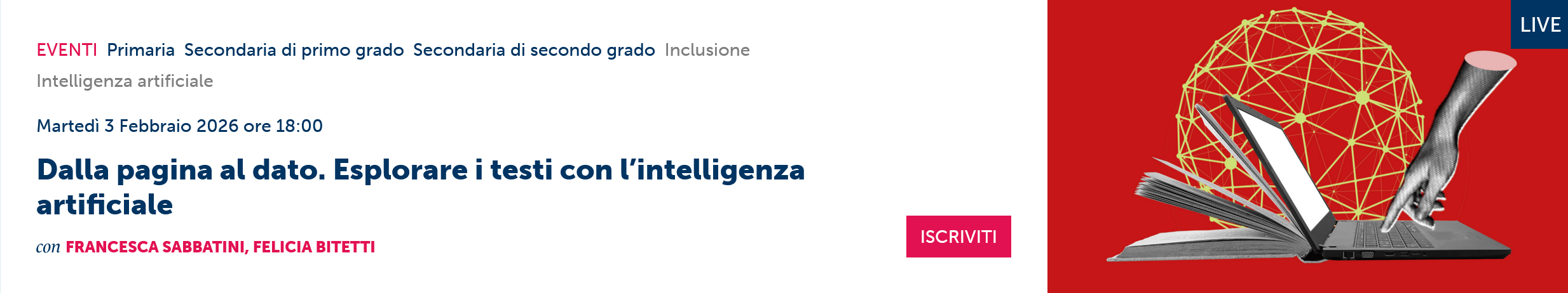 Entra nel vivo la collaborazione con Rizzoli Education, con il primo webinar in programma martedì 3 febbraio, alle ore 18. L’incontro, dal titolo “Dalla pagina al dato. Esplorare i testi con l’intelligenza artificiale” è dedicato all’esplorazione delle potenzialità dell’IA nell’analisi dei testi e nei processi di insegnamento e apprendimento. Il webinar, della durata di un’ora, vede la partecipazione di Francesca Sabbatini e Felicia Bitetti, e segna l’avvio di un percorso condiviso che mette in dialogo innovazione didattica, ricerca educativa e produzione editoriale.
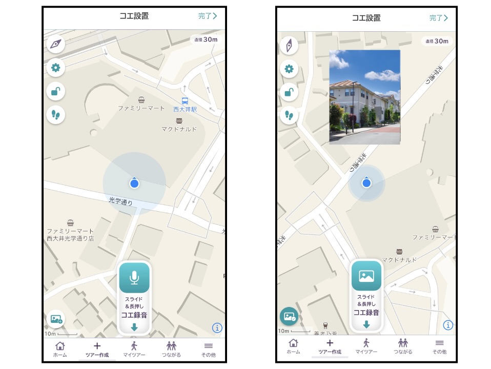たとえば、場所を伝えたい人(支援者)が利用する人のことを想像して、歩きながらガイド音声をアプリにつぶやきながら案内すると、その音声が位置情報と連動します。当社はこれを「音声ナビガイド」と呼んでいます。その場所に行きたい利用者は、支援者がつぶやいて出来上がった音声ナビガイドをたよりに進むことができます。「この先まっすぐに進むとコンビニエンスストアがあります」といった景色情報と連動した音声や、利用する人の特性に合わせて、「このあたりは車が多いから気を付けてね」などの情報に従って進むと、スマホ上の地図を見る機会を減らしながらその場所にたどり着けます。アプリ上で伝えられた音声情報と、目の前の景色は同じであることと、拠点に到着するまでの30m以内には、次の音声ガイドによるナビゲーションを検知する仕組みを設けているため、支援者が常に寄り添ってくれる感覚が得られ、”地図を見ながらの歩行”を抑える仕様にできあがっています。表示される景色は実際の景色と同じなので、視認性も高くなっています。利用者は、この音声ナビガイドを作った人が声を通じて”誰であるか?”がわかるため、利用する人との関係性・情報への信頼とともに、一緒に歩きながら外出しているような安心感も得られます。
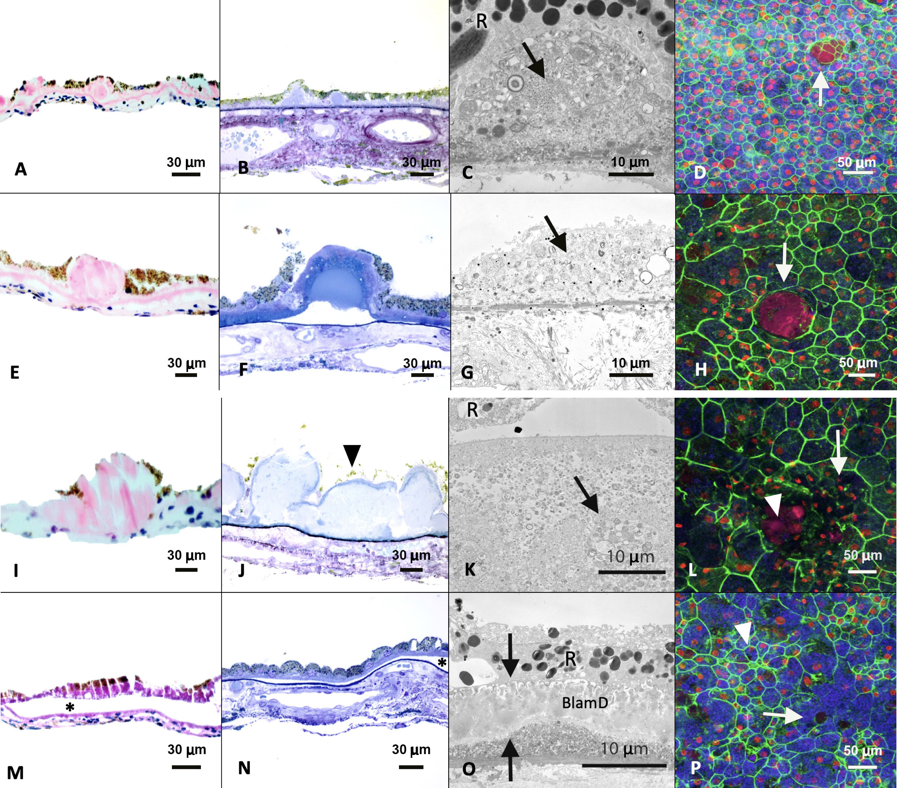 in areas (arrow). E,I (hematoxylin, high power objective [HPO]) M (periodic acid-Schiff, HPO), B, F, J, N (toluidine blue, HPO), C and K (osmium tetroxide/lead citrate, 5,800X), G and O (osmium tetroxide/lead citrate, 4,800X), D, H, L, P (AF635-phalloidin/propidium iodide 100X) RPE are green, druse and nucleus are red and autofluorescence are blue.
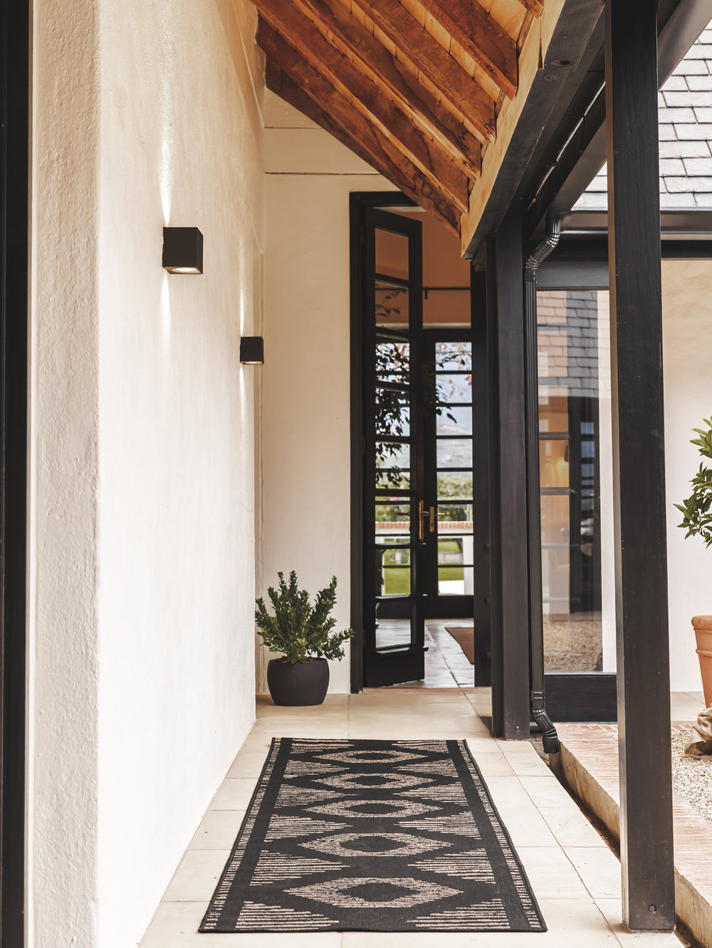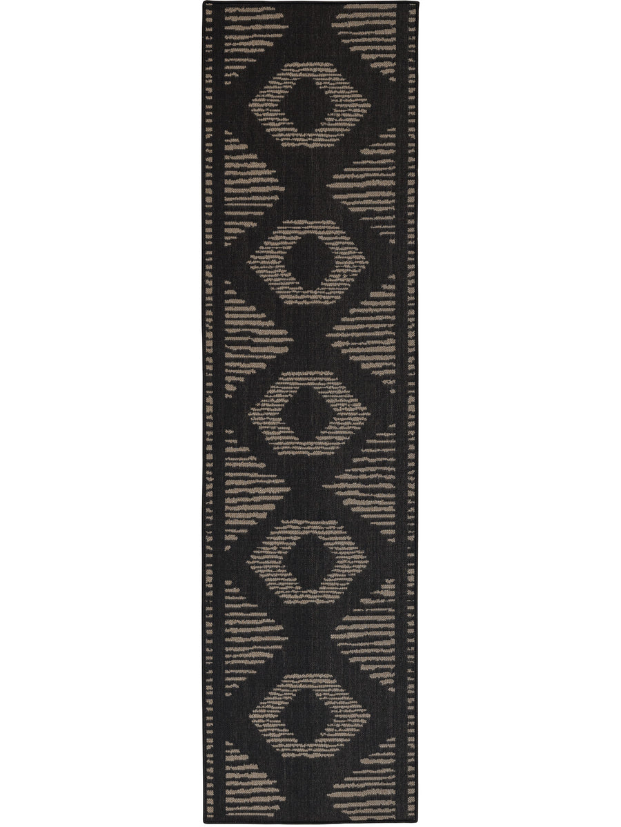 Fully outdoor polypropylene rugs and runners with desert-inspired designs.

▶ _TASK REQUIREMENTS_
Would you restate word for word each line from the one that holds "たとえば、場所を伝えたい人(支援者)が利" to the end of the material, both ends included, without the pictures?

▶ _TASK ANSWER_
たとえば、場所を伝えたい人(支援者)が利用する人のことを想像して、歩きながらガイド音声をアプリにつぶやきながら案内すると、その音声が位置情報と連動します。当社はこれを「音声ナビガイド」と呼んでいます。その場所に行きたい利用者は、支援者がつぶやいて出来上がった音声ナビガイドをたよりに進むことができます。「この先まっすぐに進むとコンビニエンスストアがあります」といった景色情報と連動した音声や、利用する人の特性に合わせて、「このあたりは車が多いから気を付けてね」などの情報に従って進むと、スマホ上の地図を見る機会を減らしながらその場所にたどり着けます。アプリ上で伝えられた音声情報と、目の前の景色は同じであることと、拠点に到着するまでの30m以内には、次の音声ガイドによるナビゲーションを検知する仕組みを設けているため、支援者が常に寄り添ってくれる感覚が得られ、”地図を見ながらの歩行”を抑える仕様にできあがっています。表示される景色は実際の景色と同じなので、視認性も高くなっています。利用者は、この音声ナビガイドを作った人が声を通じて”誰であるか?”がわかるため、利用する人との関係性・情報への信頼とともに、一緒に歩きながら外出しているような安心感も得られます。
 in areas (arrow). E,I (hematoxylin, high power objective [HPO]) M (periodic acid-Schiff, HPO), B, F, J, N (toluidine blue, HPO), C and K (osmium tetroxide/lead citrate, 5,800X), G and O (osmium tetroxide/lead citrate, 4,800X), D, H, L, P (AF635-phalloidin/propidium iodide 100X) RPE are green, druse and nucleus are red and autofluorescence are blue.
 Fully outdoor polypropylene rugs and runners with desert-inspired designs.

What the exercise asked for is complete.